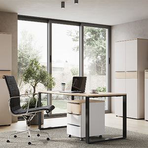 Die Büromöbel der Serie 'Asturia' zeichnen sich durch ein helles und offenes Design aus. Die Farbgestaltung mit dezenten Akzenten in Lindberg-Eiche sorgt dafür, dass ein wohnliches Wohlfühlambiente entsteht. Alle Elemente sind perfekt aufeinander abgestimmt, sodass sie sich individuell miteinander kombinieren lassen. Mit 'Asturia' lässt sich ein Home-Office nach Maß gestalten, welches ansprechend und stilvoll ist.
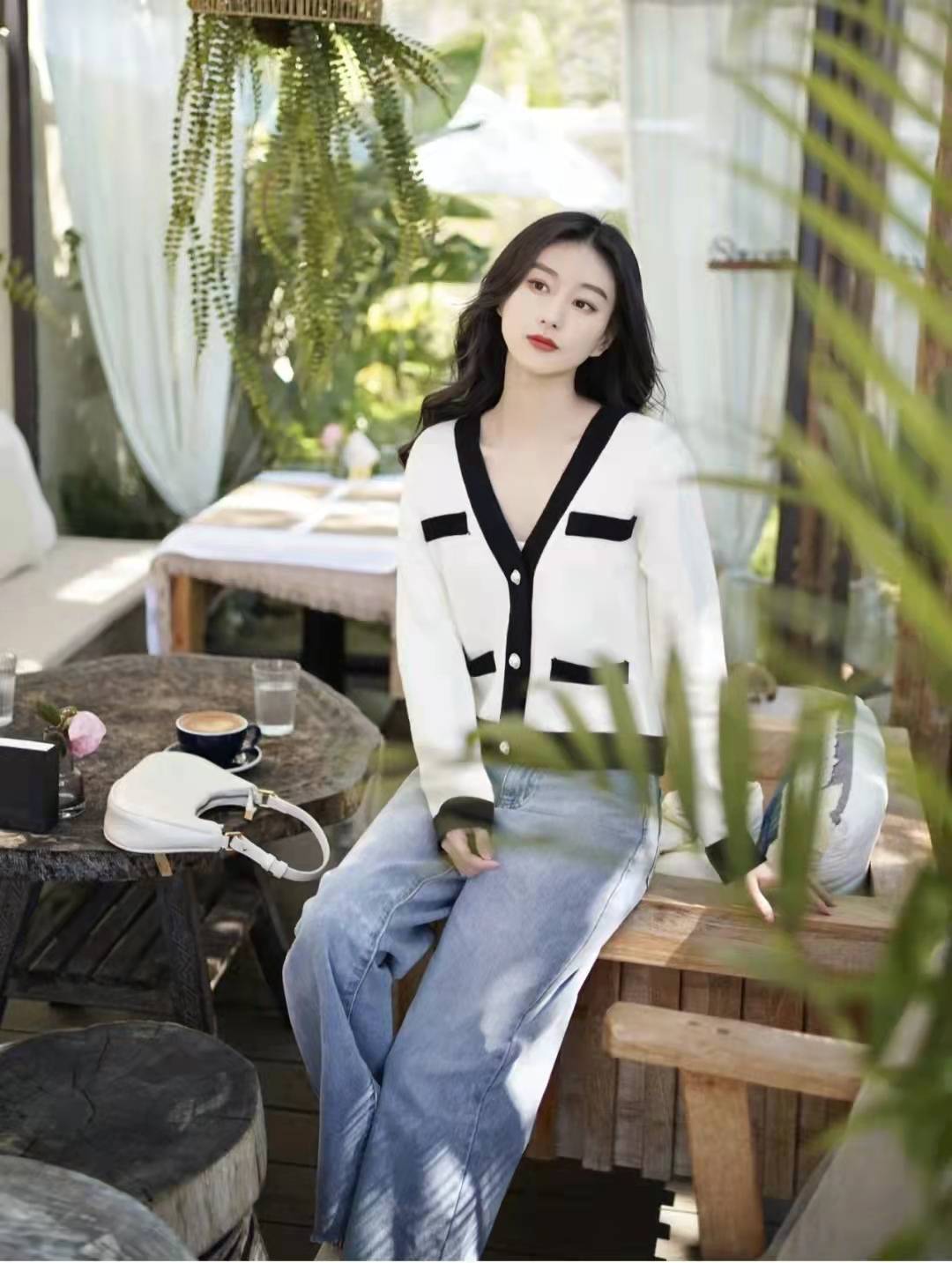 look2 黑白小香风针织衫+复古蓝直筒牛仔裤
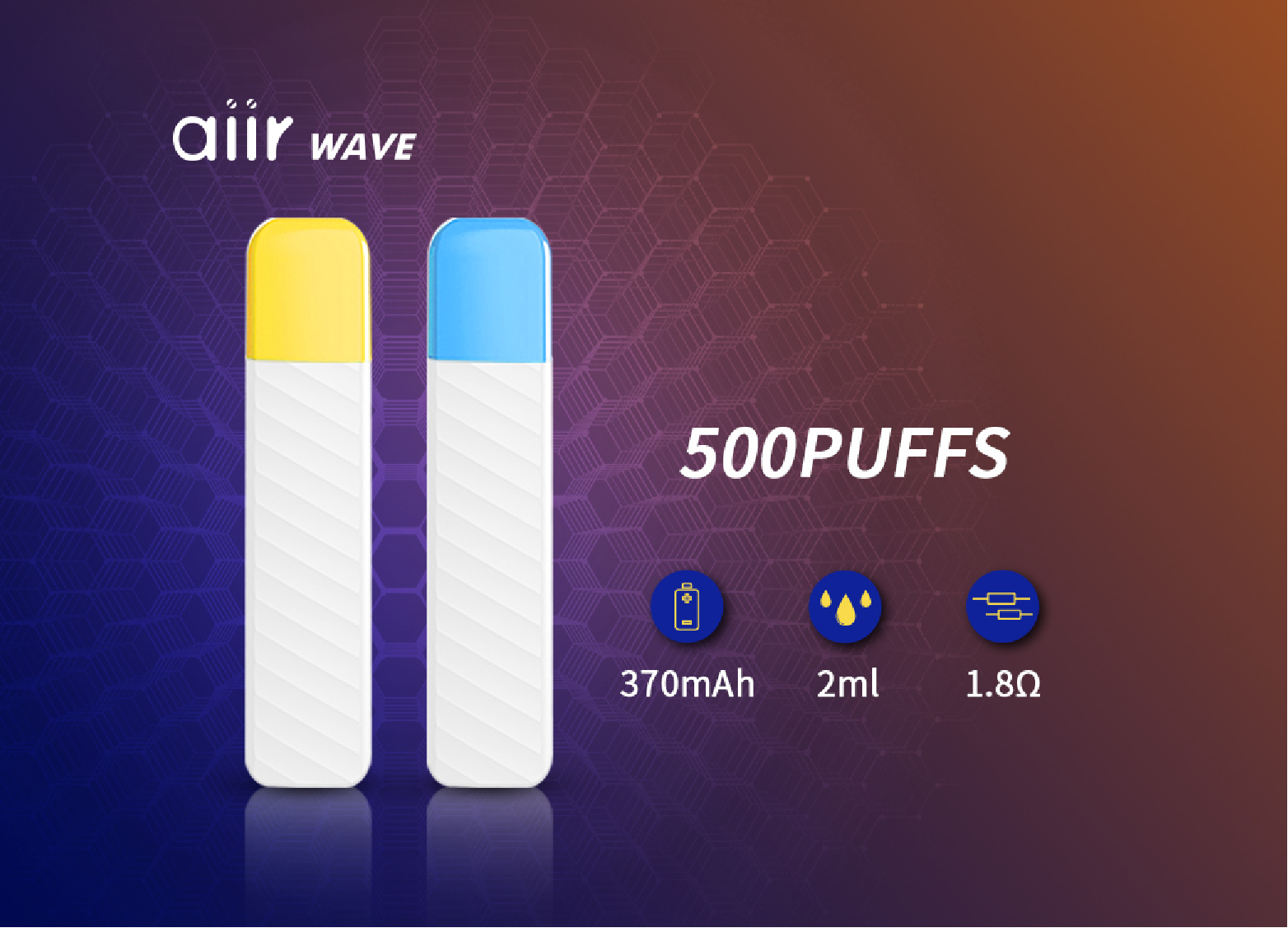 Aiir Wave is a new disposable vape Ecig, designed with wavy lines and dust free cap, aiir wave combines fashion and cleanliness together, this vape device delivers up to 500puffs with different flavors ejuice, with a 1.8ml of ejuice, it holds more nicotine salt than 3 Juul Pods, the 370mAh battery is big enough to last for 2 days for an adult vapers extract every last drop of delicious eliquid.¥ 0.00立即购买
*-*-*
* **Exercise**:
Set down the entire material verbatim, with each picture left out.

* **Output of the exercise**:
 Die Büromöbel der Serie 'Asturia' zeichnen sich durch ein helles und offenes Design aus. Die Farbgestaltung mit dezenten Akzenten in Lindberg-Eiche sorgt dafür, dass ein wohnliches Wohlfühlambiente entsteht. Alle Elemente sind perfekt aufeinander abgestimmt, sodass sie sich individuell miteinander kombinieren lassen. Mit 'Asturia' lässt sich ein Home-Office nach Maß gestalten, welches ansprechend und stilvoll ist.
 look2 黑白小香风针织衫+复古蓝直筒牛仔裤
 Aiir Wave is a new disposable vape Ecig, designed with wavy lines and dust free cap, aiir wave combines fashion and cleanliness together, this vape device delivers up to 500puffs with different flavors ejuice, with a 1.8ml of ejuice, it holds more nicotine salt than 3 Juul Pods, the 370mAh battery is big enough to last for 2 days for an adult vapers extract every last drop of delicious eliquid.¥ 0.00立即购买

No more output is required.